🐄 Cows in the Cornfield
What will I do?
Welcome to the one hundred and nineteenth issue of Monday Morning Data Science from the Fred Hutch Data Science Laboratory. We are excited to show you what we have been working on (Fresh from the Lab), plus links that we think you would be interested in (Our Weekly Bookmarks Bar). Part of the purpose of this newsletter is to start conversations, so if you have a question or there is something you would like to share with us please let us know by responding directly to this email.
Fresh from the Lab
[Hybrid Short Course: DaSEH] Data Science for Environmental Health (DaSEH) is a short course that blends online instruction with an in-person, project-based intensive. Designed for beginners with little to no experience in R programming, it teaches participants how to import, clean, visualize, and analyze data. The course starts June 8 and goes until June 18, meeting times are 10:30am - 2pm Pacific Time. There is also a three-day in-person intensive Codeathon from June 29 to July 1, 9:30am - 4pm Pacific Time.
Our Weekly Bookmarks Bar
[Blog Post: Who Owns the Code Claude Wrote?] Sena Evren writes about how AI-generated code raises unresolved legal issues: it may not be copyrightable without meaningful human input, could belong to your employer under work-for-hire rules, and might unknowingly include restrictive open-source code from training data. Developers are advised to document their contributions, review employment contracts, and scan for license risks, since the law is partly settled but still evolving in key areas.

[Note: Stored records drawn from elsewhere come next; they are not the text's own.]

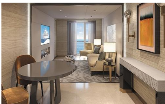
SPLENDOR SUITE – SP 76 - 85 SQM.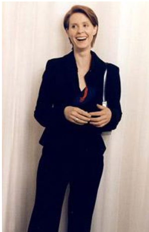
FIGURE 4: MIRANDA OUTFIT 1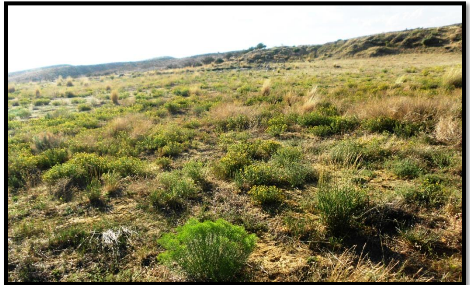
Viewing west: well pad location, general vegetation type & density, & excavated spoils pile bermed to the north & northwest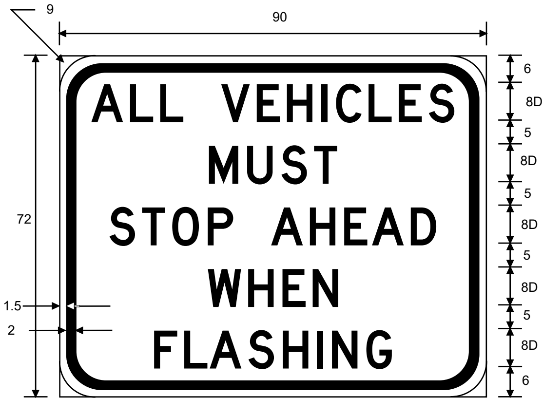
R13-2T ALL VEHICLES MUST STOP AHEAD WHEN FLASHING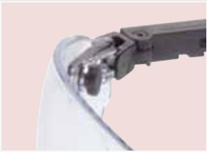
Patented lens inclination system for a customized fit.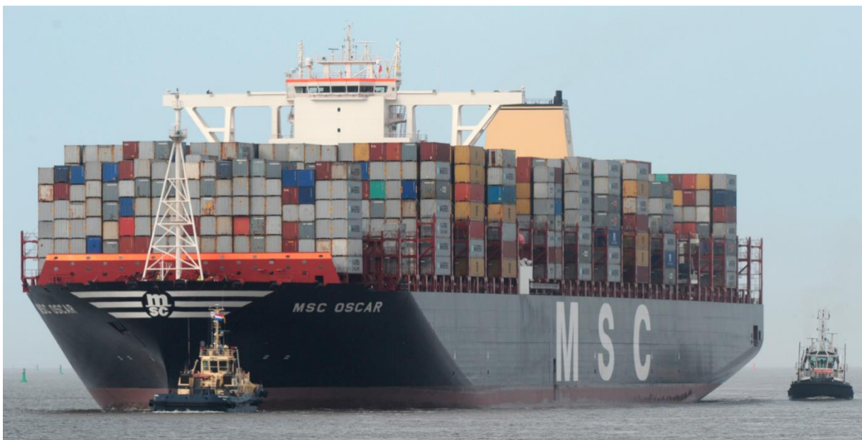
Figure 1. one of the largest container ships in the world MSC Oscar

In order to understand the whole procedure of arriving and departing from port, one must understand basic entities, business functions and terms used in such procedures. Firstly, ship is arriving in an international port. Which type of ship will arrive in which port depends on the type of port, type of ship, and the ship's route. Therefore, a ferry will not arrive in a fishing port. There are various types of ships such as: container ships, bulk carriers, tankers, ferries, cruise ships and specialized ships. The container ship is a cargo ship designed to carry containers.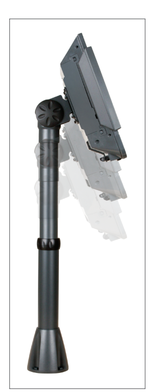
Quickly adjust monitor height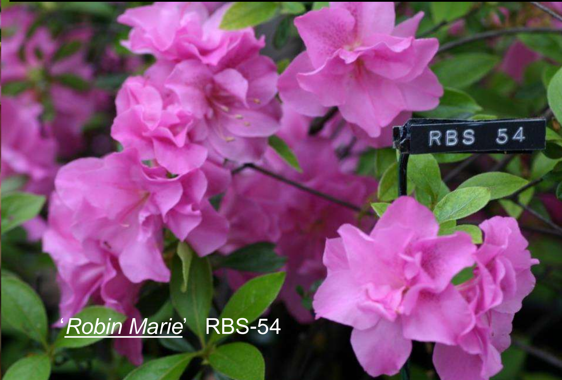
'Robin Marie' RBS-54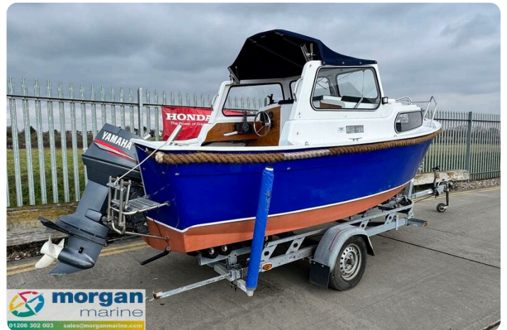
Hardy PH 17 - back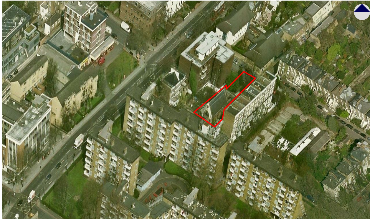
Aerial View looking north towards proposed development site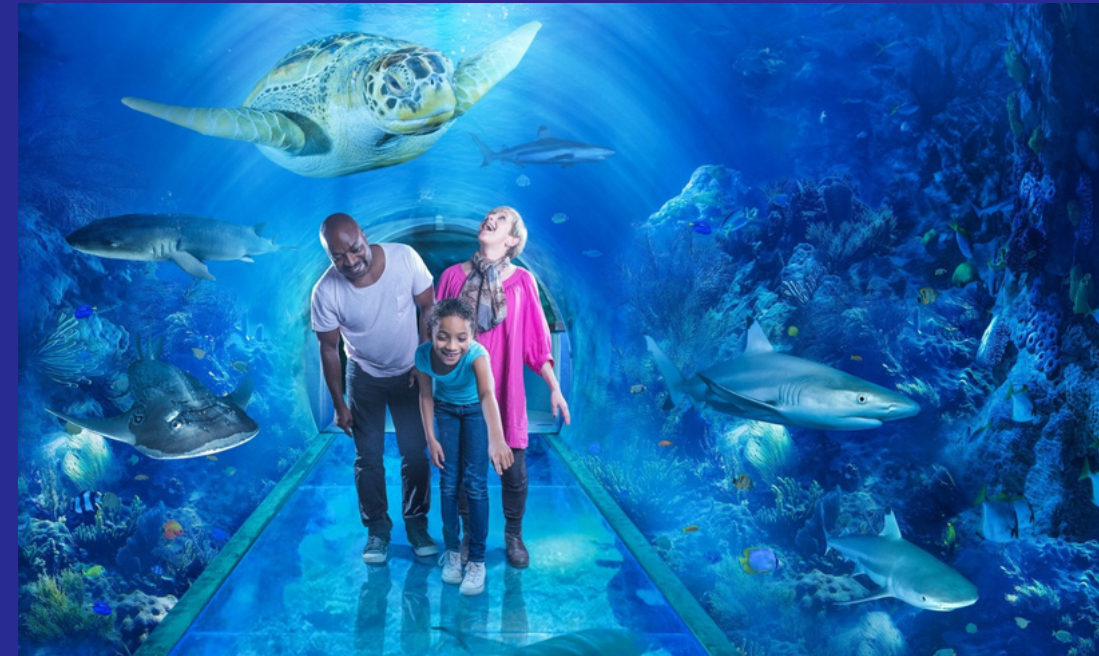
The fish and animals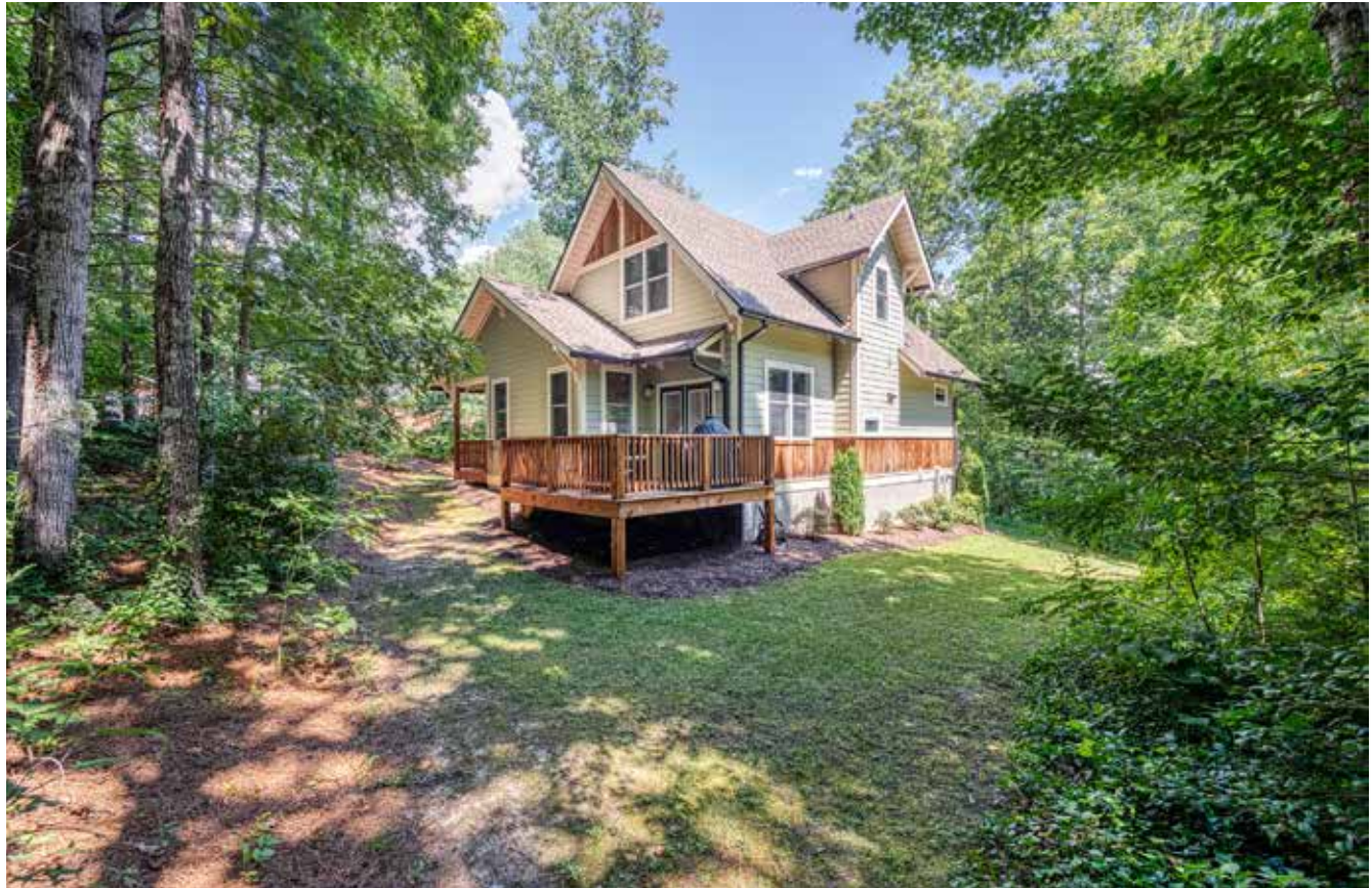
Private Side and Back Yards

[Blog Post: Datapages for Reusable Data Sharing] Michael Frank and Mika Braginsky introduce Datapages, an open-source tool for creating interactive, user-friendly websites that make research data easier to share and reuse, addressing limitations of existing FAIR-compliant repositories. Built on platforms like Redivis and Quarto, datapages allow researchers of varying technical skill levels to publish datasets with visualizations, documentation, and access tools in a scalable and customizable way.
As always you can contact us by replying directly to this email, or if you work within the Fred Hutch/University of Washington/Seattle Children’s Cancer Consortium you are welcome to join us on the Fred Hutch Data Slack Workspace. For more information about the Fred Hutch Data Science Lab, visit our website: https://hutchdatascience.org/. See you in two weeks!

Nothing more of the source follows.